Insurance firm exec urges economic confidence
September 11, 2012, 12:03 am TWN
TAIPEI -- People in Taiwan should have more confidence in the country's economy, despite recent negative economic figures, the vice chairman of a major local insurance company said yesterday, adding that confidence is a driver of a country's economy.
Du Ying-tzyong of Nan Shan Life Insurance Co. also expressed optimism over Taiwan's economic prospects, citing the results of research conducted by Citi Investment Research and Analysis.
The research predicts that Taiwan will become the world's third richest country in 2030 in terms of per capita gross domestic product (GDP), following Singapore and Hong Kong.
Du's remarks came amid the release of government indicators showing an economic slump for the ninth straight month in July.
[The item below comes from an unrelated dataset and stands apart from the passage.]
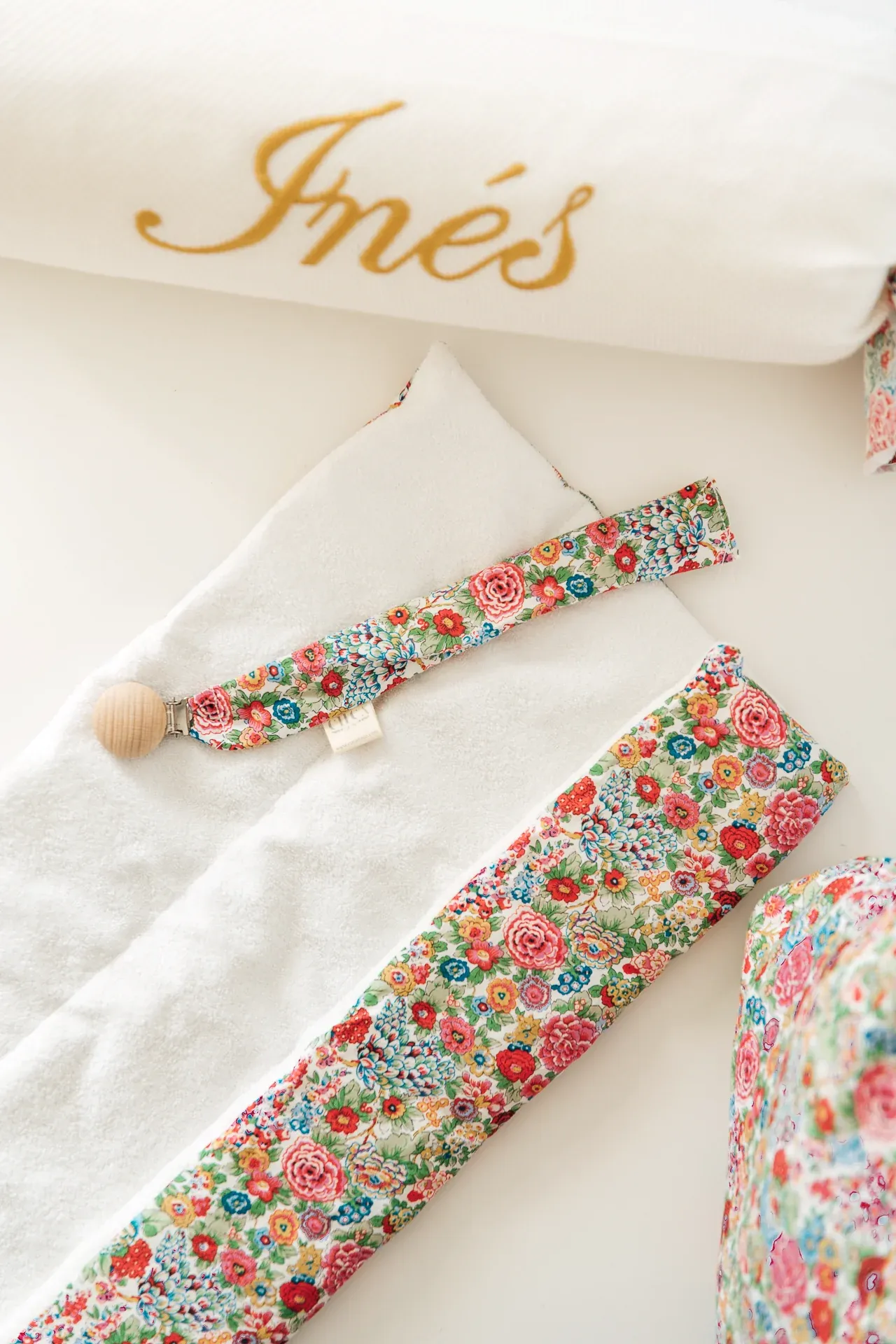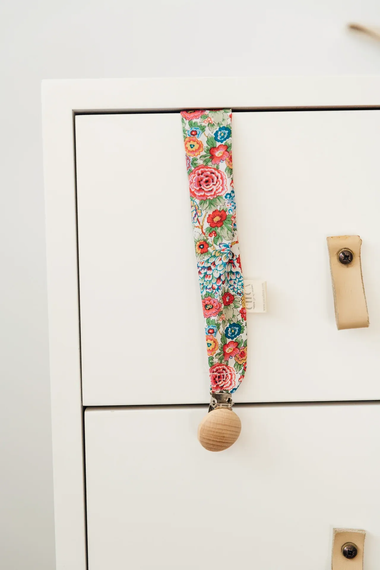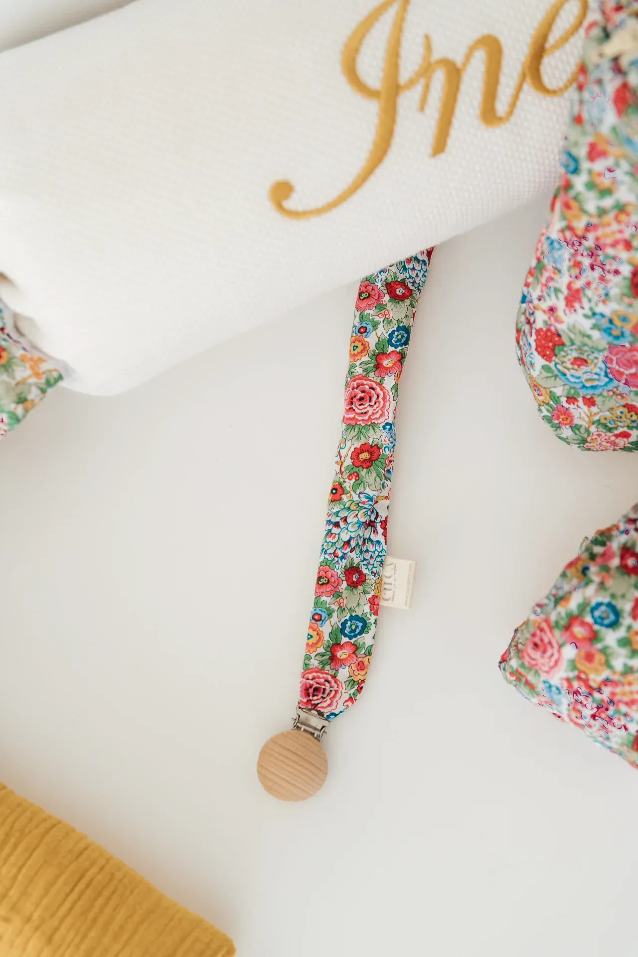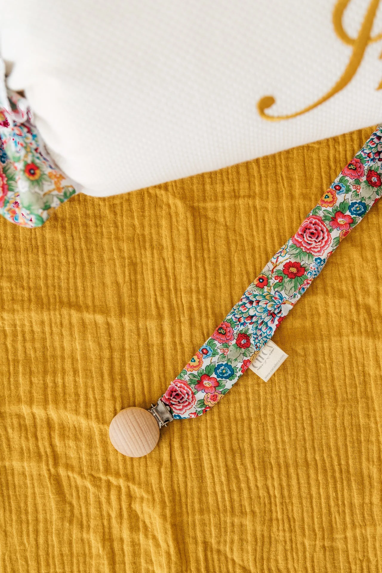 Chupetero de tela, ideal para lavarlo y engancharlo en la ropita gracias a la pinza de madera. Cuélgalo para tenerlo siempre limpio y a mano

In August, Taiwan cut its growth forecast for its GDP in 2012 to 1.66 percent, from a previous estimate of 2.08 percent.
Despite the declining figures, “we have to show more confidence in our economy,” Du said on the sidelines of a press conference.
Asked what the impact on Taiwan will be if the U.S. Federal Reserve comes up with a third round of quantitative easing (QE3) aimed at stimulating the U.S. economy, Du said the monetary policy might not be beneficial to developing countries such as Taiwan.
Should such a policy take effect, the U.S. dollar will fall against other foreign currencies, which will be a negative factor for export-reliant countries, he added.
“The QE3 is not omnipotent ... There should also be other economic policies to drive the economy,” said Du.
In the previous two rounds of QE, the U.S. bought in US$2.3 trillion in bonds in order to inject more money into the economy, with the last round of asset purchases ending in 2011.